§ **Task brief**
Everything in the records except the pictures needs to be printed again exactly.

┌──

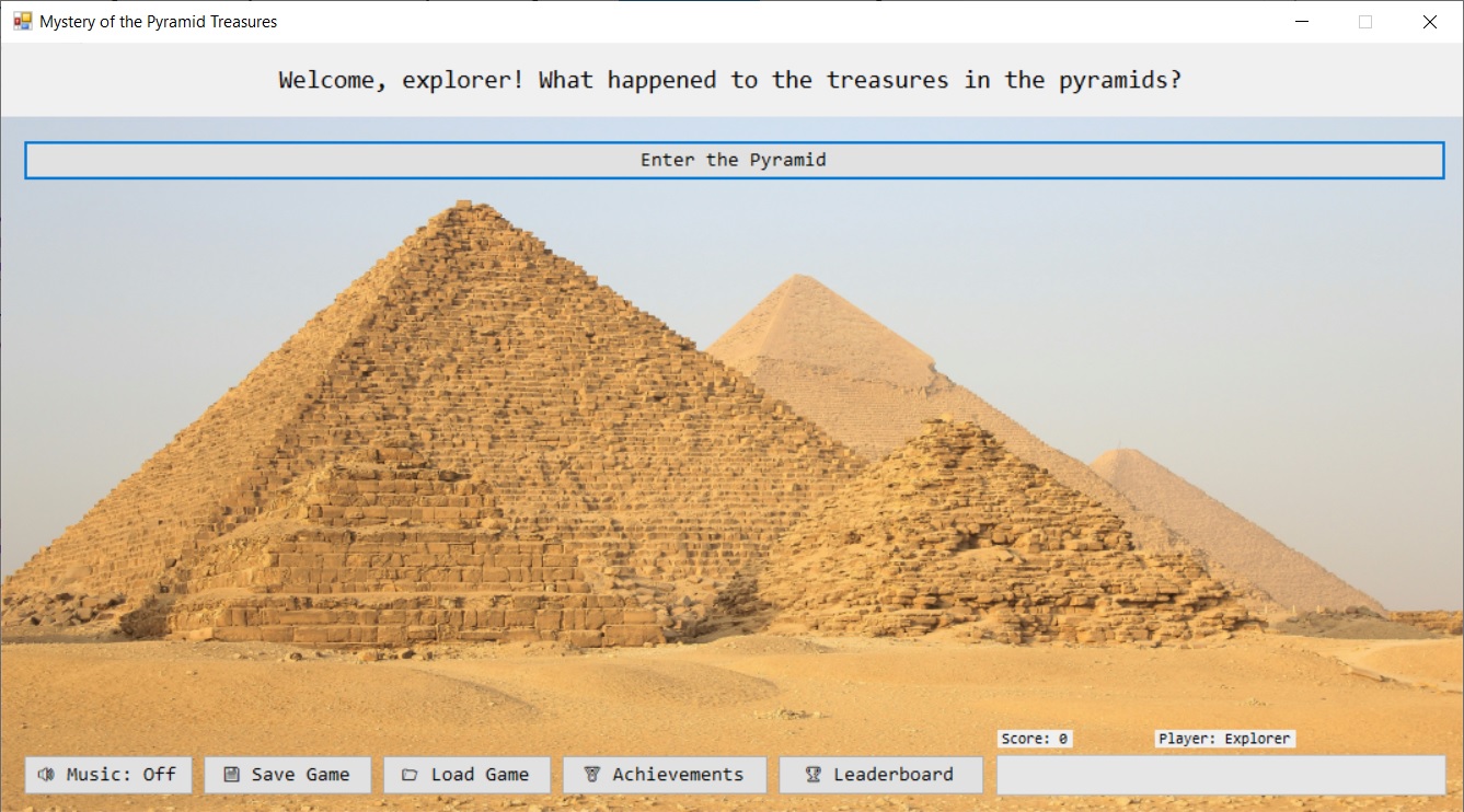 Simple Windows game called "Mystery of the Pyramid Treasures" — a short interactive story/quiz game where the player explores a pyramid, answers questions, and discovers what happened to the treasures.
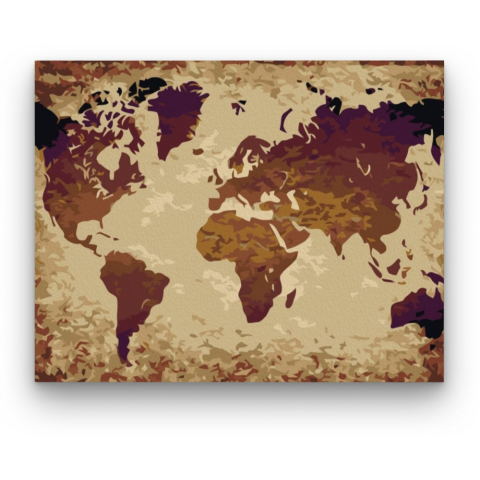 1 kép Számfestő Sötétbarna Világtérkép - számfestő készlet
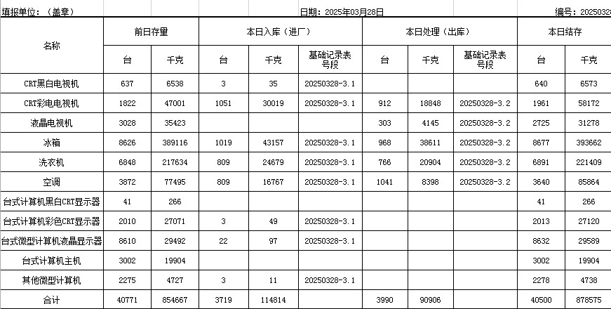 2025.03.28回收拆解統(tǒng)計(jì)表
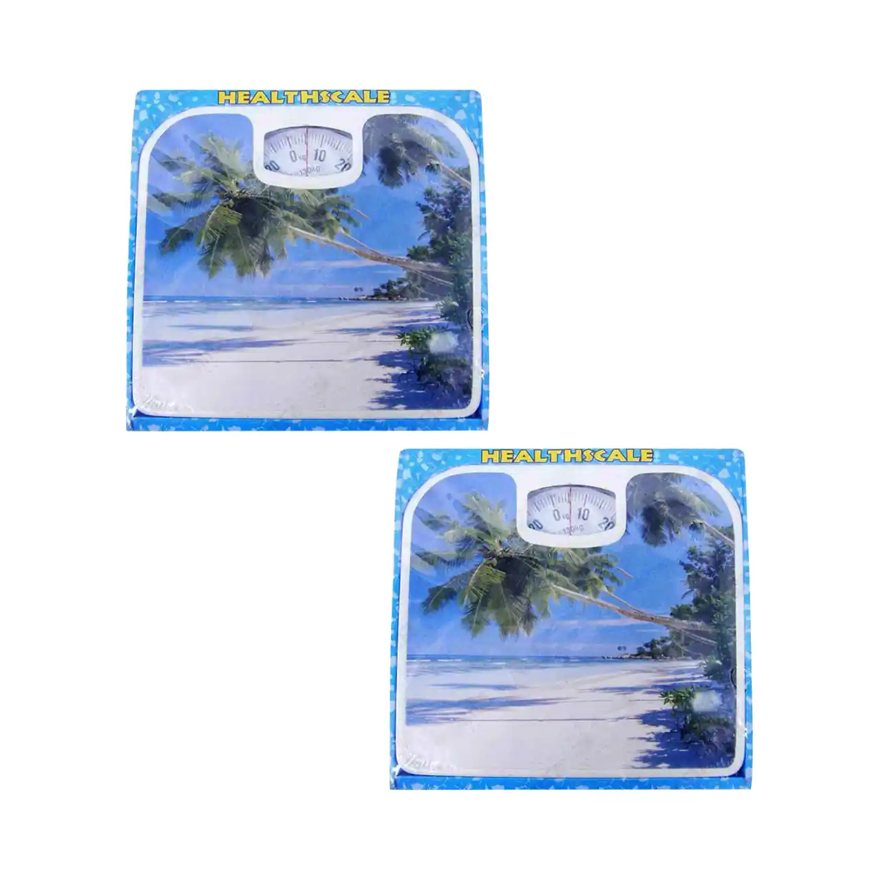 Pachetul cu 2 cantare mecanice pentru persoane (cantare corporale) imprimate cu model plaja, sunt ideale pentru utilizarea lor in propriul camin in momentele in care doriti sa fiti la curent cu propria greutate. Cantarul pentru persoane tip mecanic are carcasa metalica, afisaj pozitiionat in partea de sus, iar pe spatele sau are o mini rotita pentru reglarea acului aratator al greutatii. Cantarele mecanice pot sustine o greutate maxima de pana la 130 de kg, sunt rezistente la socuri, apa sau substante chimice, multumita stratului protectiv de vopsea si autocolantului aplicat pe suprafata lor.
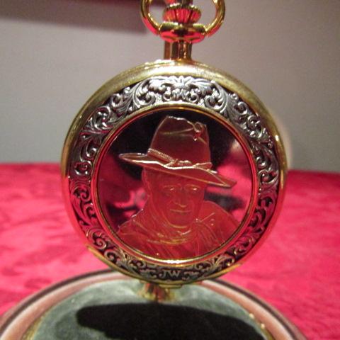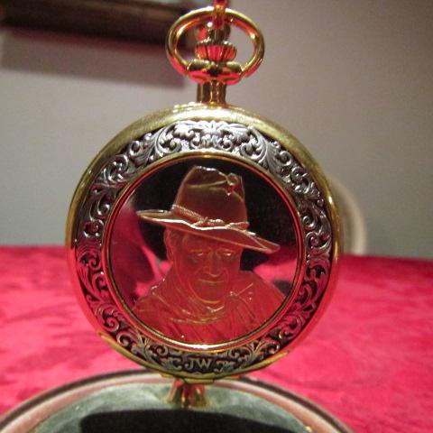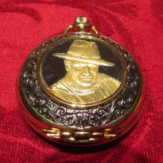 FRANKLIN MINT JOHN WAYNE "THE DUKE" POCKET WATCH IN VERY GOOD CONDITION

└──

§ **Exercise solution**
 Simple Windows game called "Mystery of the Pyramid Treasures" — a short interactive story/quiz game where the player explores a pyramid, answers questions, and discovers what happened to the treasures.
 1 kép Számfestő Sötétbarna Világtérkép - számfestő készlet
 2025.03.28回收拆解統(tǒng)計(jì)表
 Pachetul cu 2 cantare mecanice pentru persoane (cantare corporale) imprimate cu model plaja, sunt ideale pentru utilizarea lor in propriul camin in momentele in care doriti sa fiti la curent cu propria greutate. Cantarul pentru persoane tip mecanic are carcasa metalica, afisaj pozitiionat in partea de sus, iar pe spatele sau are o mini rotita pentru reglarea acului aratator al greutatii. Cantarele mecanice pot sustine o greutate maxima de pana la 130 de kg, sunt rezistente la socuri, apa sau substante chimice, multumita stratului protectiv de vopsea si autocolantului aplicat pe suprafata lor.
 FRANKLIN MINT JOHN WAYNE "THE DUKE" POCKET WATCH IN VERY GOOD CONDITION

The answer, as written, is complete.